Column by Loretta Redd
In an era where Grandpa’s taking testosterone replacement, along with his reconstructed knees while Grandma’s at a post-menopausal Pilates class, stretching out after her last triathlon, I wasn’t surprised to read an LA Times article, where “the percentage of Americans who say physicians should always do everything possible to save a life has more than doubled since 1990, rising to 31% from 15%.”
The Boomer generation seems to treat death as some avoidable condition; but other than birth, it is the only universally shared experience of every living organism.
As our questionably healthy fear of aging translates into a growing industry of joint replacements, green breakfast drinks, facelifts and sports cars, it may ultimately bankrupt our nation.
It’s not that we don’t want to die in pain…it’s more like we don’t want to die, ever.
Aggressive medical treatment for patients within a month of death accounts for over $140 billion in health care expenditures. Put in a different perspective, one percent of the population is now responsible for 30% of total healthcare costs. And those costs extend life less than 30 days.
The economic paradox is that the distress of our current medical cost has been brought on by the success of our post -war economy. As households became increasingly affluent after WWII, family members relocated to cities and towns farther and farther away from their “family of origin.”
With the siren call of manufacturing, Madison Avenue and middle class jobs, the days where multiple generations lived – and died- under one roof came to an end. Why share a house, when, with the help of the GI Bill, you could afford one of your own?
No longer were babies brought home to a family which included not only siblings and parents, but grandparents and often great-grandparents. No longer did seniors die in the arms of those they had born.
Today, severe illness results in a person being taken to the sanitized environment of a hospital to be cared for by strangers. If the diagnosis is terminal, we’ve created an industry of hospice workers– loving, compassionate, and well-trained–but not family. Because “family” now lives in different cities or countries or are simply too busy living their independent lives.
So we call…or text…or email. No wonder death feels foreign.
Rarely anymore do we hear a physician say, “There’s nothing we can do.” Modern medicine has given us transplanted organs, artificial hearts, bionic limbs and life-extending drugs, to the point that rather than a natural conclusion to life, death almost seems like a failure to try.
But try we will…as if the point of extending a life is to compensate for the time unspent together or to bridge the emotional chasm created throughout life. Economy has replaced emotion.

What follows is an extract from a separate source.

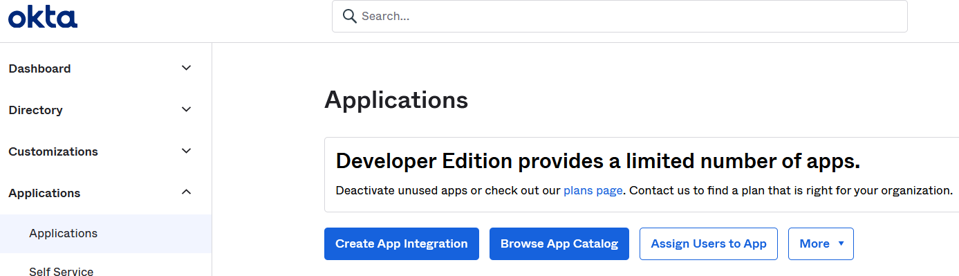 Login to Okta portal with administrative privileges and then navigate to Applications/Applications in the left menu as shown below:

Rather than, “Do whatever you can to keep them alive,” might I suggest a different trajectory. Take time this holiday season to have a fearfully frank discussion about your death with family members.
Consider a Power of Attorney for Health Care, and Advance Health Care Directives which spell out exactly what – if any- life-extending measures you might want to have taken. Yes, it may be uncomfortable and unfamiliar; unfortunately, that’s the kind of world we’ve created.
But it won’t be a burden, because a burden- whether economic, emotional or physical- is what the survivors face when you have left things unsaid and unplanned. Having buried most of my family, and over 200 clients during the 1980′s AIDS epidemic in Atlanta, I can speak with experience that clear directives are a godsend.
The toll that death takes on all of us will be smaller financially, and even emotionally, if your wishes are clearly spelled out. The real gift is to your survivors who will sleep free from doubt…though not free from grief.
Grief is part of love. Love is part of living. Life is part of death, and death is not an option. Your decision as to what extraordinary steps should be taken to keep you alive, are yours alone to decide. But don’t put this off.